Он сделал паузу, изучая лицо Дюпона.
— Ты получаешь фонд в Лондоне. Легальный. Несколько миллионов. Хочешь — уйдёшь потом на пенсию. Хочешь — останешься командовать армией. Все дороги будут открыты.
За его спиной кто-то — едва уловимый силуэт в полутени — подал жестом подтверждение, мол, всё уже согласовано, всё уже гарантировано.
Н’Диайе улыбнулся. Эта улыбка была холодной, выверенной, без искренности - тщательно отрепетированная маска на лице, натянутом за годы войн и сделок.
— Подумай, Люк, — сказал он, впервые произнеся имя Дюпона так, словно между ними стояли не кровь и смерть, а старая, хорошая дружба. — Подумай, сколько смертей ты можешь избежать, выбрав сторону тех, кто уже победил.
На другом конце провода Дюпон всё ещё молчал. И в этом молчании было не согласие и не сомнение. В этом молчании было что-то гораздо более тяжёлое.
Когда Дюпон наконец заговорил, его голос был таким тихим и ровным, что он, казалось, не преодолевал расстояние, а заполнял пространство вокруг, тяжело, неотвратимо, как вода медленно наполняет разлом в скале.
— Ты говоришь о будущем, — произнёс он. — Но твоё будущее уже написано. И написано не здесь.
На экране лицо Н’Диайе слегка напряглось. Не испуг, нет, скорее, раздражение человека, который рассчитывал на торг, а вместо этого получил приговор.
— Я видел деревни, — продолжал Дюпон, не повышая голоса. — Видел, что оставляют после себя твои солдаты. Что делают твои наёмники. Женщины на кольях. Сожжённые младенцы. Старики, растоптанные в пыли. Это не война за свободу. Это бойня ради власти.
Люк говорил спокойно, без гнева, без показной ярости — так говорит человек, который давно уже взвесил все факты и вынес решение.
— Ты не освободитель, генерал. Ты мясник. И хуже того — ты предатель.

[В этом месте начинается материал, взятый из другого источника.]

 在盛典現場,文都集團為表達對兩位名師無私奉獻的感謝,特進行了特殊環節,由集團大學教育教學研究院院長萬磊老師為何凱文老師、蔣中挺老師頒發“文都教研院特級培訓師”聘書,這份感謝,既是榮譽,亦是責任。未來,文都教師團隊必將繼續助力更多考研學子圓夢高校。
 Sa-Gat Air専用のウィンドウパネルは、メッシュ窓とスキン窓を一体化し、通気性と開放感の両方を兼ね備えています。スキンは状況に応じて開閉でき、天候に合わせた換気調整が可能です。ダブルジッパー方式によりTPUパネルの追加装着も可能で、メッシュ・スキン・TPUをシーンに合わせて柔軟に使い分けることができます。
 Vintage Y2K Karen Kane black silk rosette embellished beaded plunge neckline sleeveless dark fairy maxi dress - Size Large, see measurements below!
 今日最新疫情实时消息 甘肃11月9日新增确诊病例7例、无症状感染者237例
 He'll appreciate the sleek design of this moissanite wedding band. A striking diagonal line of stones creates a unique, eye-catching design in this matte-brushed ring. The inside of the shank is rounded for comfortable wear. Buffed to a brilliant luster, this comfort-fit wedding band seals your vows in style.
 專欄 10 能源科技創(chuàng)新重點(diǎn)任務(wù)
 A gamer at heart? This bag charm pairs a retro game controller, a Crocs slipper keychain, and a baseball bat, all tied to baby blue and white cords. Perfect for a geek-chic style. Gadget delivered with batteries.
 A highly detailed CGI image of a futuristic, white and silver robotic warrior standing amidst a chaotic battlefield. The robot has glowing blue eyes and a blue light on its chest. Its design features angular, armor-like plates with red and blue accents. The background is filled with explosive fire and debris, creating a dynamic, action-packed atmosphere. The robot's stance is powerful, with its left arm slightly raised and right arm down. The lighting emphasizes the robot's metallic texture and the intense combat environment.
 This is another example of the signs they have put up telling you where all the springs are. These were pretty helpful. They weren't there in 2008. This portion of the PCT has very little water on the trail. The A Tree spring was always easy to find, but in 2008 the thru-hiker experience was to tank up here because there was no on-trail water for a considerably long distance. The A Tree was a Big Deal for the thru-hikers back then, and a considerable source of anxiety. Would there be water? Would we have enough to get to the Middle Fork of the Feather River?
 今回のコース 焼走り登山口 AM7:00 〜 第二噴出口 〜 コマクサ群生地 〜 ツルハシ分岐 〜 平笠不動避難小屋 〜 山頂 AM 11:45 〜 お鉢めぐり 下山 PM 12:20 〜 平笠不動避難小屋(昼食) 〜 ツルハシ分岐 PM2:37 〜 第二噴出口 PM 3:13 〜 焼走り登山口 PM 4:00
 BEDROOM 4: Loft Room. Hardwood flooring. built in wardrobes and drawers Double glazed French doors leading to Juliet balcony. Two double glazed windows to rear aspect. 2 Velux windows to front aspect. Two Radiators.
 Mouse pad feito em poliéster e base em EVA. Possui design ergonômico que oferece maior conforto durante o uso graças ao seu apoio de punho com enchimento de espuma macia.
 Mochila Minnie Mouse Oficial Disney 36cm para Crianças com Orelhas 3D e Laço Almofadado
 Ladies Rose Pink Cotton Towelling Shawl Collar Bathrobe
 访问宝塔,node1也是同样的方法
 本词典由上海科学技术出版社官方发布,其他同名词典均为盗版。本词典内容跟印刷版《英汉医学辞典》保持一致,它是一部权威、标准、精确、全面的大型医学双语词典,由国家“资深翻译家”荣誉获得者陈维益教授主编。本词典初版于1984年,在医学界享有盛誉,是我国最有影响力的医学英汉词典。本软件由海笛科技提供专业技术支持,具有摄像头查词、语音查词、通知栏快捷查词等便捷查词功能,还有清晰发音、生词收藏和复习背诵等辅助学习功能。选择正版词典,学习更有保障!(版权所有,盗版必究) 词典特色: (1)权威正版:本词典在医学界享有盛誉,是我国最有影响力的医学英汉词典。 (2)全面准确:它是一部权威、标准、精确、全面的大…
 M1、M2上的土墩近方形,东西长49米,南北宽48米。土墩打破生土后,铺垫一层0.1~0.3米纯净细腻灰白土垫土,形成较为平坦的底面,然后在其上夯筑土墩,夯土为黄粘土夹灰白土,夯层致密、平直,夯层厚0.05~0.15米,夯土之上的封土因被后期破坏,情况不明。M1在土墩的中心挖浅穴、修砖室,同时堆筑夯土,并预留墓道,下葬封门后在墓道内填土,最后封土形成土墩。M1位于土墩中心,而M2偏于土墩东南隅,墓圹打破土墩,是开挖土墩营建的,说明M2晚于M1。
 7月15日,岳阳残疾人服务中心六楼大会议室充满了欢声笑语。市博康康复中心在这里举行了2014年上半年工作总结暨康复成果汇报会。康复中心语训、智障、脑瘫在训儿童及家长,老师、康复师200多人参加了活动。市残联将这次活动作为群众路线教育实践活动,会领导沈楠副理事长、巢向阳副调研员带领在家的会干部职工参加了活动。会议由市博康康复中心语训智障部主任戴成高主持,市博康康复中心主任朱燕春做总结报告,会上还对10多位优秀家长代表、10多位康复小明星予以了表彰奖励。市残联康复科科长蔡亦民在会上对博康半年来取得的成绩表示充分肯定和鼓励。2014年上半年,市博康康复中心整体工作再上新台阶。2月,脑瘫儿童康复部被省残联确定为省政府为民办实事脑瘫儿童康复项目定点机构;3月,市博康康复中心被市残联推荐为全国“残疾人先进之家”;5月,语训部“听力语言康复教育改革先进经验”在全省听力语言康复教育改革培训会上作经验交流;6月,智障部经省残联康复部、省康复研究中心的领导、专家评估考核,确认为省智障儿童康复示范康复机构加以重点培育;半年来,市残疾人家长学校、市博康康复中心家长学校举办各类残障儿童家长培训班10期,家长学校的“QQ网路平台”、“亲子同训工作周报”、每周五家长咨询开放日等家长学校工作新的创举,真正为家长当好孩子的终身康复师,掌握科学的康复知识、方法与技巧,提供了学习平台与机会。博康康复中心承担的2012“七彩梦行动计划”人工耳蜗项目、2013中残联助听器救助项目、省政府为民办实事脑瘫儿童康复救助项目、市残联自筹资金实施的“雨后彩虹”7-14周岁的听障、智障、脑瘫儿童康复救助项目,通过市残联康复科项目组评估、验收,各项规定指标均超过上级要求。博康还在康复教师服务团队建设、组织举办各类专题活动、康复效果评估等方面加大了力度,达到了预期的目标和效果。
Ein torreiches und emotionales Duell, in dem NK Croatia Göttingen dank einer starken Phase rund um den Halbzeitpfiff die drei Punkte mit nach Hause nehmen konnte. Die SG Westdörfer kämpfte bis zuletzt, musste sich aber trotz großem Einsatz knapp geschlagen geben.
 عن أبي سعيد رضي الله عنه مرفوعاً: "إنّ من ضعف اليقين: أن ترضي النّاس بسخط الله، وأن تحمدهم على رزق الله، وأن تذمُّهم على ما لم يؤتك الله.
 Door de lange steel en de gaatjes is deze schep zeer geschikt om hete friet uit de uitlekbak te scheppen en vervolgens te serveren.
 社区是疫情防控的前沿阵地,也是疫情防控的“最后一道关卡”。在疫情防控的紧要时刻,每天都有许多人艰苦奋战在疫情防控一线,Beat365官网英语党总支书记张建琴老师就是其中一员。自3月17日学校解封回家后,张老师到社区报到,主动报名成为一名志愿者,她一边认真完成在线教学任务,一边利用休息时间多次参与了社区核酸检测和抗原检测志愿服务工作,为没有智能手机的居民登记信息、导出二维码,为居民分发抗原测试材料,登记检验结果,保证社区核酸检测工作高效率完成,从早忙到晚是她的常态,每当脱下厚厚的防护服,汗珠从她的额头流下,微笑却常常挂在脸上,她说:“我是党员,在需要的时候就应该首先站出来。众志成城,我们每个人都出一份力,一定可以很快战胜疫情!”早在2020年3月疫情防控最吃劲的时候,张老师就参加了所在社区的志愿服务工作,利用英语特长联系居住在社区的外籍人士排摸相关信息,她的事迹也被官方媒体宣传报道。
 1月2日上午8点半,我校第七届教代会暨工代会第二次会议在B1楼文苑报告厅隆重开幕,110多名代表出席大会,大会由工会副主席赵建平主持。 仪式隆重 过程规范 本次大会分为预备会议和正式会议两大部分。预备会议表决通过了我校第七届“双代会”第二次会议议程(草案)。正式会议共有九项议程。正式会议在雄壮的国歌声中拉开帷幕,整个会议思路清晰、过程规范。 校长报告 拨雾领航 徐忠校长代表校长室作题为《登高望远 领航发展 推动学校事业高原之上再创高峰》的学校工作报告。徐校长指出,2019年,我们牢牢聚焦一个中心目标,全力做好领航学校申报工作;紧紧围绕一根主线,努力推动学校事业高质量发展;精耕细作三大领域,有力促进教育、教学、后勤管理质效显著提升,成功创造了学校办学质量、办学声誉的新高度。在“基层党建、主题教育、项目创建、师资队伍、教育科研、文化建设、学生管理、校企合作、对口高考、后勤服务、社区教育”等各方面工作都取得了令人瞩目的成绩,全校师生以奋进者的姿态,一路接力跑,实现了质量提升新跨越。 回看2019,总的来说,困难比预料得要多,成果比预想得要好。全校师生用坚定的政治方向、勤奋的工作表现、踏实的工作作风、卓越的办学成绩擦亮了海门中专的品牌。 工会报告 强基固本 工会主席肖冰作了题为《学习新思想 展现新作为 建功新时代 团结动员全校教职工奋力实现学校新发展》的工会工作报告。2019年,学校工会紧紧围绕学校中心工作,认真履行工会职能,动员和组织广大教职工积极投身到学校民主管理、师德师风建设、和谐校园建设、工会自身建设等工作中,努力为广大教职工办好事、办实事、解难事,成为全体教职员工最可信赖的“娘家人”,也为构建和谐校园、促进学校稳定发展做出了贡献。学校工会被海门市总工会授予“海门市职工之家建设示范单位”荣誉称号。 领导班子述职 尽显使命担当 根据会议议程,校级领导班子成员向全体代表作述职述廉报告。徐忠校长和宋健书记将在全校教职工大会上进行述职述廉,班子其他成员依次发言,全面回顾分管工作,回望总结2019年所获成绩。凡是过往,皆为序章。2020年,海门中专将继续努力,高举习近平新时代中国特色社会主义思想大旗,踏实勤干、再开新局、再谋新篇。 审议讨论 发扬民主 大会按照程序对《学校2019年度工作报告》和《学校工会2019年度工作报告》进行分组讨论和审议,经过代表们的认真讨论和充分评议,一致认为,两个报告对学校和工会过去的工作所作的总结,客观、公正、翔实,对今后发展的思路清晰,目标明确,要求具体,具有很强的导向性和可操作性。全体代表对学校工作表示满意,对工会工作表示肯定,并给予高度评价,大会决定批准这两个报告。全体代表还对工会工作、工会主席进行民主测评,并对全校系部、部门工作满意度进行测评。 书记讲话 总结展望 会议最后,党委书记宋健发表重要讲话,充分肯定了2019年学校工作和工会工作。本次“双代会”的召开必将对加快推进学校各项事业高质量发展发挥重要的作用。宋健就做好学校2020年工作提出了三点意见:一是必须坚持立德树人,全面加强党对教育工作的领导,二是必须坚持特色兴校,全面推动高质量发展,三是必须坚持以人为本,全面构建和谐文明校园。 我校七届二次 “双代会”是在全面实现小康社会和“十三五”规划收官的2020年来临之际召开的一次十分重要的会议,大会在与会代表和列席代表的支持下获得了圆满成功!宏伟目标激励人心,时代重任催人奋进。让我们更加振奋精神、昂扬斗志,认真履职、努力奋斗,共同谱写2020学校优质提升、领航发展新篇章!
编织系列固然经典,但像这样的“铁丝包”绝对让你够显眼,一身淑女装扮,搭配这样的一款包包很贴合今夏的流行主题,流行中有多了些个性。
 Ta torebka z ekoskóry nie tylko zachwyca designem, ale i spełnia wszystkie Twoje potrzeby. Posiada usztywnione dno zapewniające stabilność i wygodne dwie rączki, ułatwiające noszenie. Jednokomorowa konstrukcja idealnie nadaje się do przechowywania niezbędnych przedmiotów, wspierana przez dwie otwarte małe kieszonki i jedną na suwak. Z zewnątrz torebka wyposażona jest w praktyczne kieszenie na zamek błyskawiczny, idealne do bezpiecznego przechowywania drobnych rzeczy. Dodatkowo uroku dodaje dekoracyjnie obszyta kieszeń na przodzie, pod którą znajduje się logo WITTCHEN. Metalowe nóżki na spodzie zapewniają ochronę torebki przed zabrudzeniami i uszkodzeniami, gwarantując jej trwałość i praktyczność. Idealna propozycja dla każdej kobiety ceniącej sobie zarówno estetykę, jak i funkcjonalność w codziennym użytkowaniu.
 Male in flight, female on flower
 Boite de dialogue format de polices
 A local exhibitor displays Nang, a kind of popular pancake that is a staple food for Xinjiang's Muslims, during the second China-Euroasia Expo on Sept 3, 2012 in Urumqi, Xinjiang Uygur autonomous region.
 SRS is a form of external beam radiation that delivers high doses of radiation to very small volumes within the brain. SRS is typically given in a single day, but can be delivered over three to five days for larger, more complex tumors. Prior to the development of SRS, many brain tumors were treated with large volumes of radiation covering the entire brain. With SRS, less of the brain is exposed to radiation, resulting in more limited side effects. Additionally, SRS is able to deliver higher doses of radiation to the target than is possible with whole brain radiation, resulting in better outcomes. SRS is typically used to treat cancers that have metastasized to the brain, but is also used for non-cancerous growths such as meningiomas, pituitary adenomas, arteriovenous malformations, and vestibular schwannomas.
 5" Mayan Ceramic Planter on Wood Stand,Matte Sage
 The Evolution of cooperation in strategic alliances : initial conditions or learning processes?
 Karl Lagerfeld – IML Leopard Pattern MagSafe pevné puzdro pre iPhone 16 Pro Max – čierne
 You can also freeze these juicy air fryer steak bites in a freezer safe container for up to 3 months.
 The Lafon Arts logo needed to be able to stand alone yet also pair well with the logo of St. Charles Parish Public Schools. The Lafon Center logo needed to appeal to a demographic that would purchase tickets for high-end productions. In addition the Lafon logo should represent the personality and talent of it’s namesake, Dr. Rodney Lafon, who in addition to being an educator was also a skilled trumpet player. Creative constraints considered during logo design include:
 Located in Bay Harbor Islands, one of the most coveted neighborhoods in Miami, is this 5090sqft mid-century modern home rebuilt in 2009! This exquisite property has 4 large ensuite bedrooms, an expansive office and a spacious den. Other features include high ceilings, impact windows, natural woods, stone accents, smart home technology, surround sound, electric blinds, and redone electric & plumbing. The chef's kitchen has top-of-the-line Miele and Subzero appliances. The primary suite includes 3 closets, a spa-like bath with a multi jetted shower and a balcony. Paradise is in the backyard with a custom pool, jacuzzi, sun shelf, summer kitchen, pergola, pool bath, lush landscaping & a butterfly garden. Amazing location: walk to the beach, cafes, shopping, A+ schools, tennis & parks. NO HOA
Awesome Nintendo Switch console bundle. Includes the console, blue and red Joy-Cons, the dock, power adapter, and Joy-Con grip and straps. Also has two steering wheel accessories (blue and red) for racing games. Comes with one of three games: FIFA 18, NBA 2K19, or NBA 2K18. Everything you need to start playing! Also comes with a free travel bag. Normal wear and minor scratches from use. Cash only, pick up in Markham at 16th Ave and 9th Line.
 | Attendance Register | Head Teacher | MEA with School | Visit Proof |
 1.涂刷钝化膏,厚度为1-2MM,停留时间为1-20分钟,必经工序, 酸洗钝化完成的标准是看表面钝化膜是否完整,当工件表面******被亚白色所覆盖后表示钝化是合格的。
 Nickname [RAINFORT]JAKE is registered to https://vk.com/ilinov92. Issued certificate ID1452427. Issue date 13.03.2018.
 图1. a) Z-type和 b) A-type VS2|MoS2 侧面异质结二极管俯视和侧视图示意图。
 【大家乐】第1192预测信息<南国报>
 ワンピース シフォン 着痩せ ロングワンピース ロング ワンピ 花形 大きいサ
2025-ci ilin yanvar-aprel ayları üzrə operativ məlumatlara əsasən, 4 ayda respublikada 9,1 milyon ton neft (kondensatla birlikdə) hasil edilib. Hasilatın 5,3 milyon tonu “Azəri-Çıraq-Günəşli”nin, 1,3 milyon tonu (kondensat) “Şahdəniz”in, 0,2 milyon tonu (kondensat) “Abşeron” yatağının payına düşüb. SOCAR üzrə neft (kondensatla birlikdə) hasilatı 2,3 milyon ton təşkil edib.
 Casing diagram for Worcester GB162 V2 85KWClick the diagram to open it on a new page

На экране лицо Н’Диайе напряглось ещё сильнее, зрачки его сузились.
— Ты продаёшь эту страну тем, кто заплатит больше. Ты меняешь одну цепь на другую, только теперь твои хозяева сидят не в Париже, а в Лондоне.
Тишина, последовавшая за этими словами, была тяжелее всех угроз и всех выстрелов, прозвучавших на этой земле за последние месяцы.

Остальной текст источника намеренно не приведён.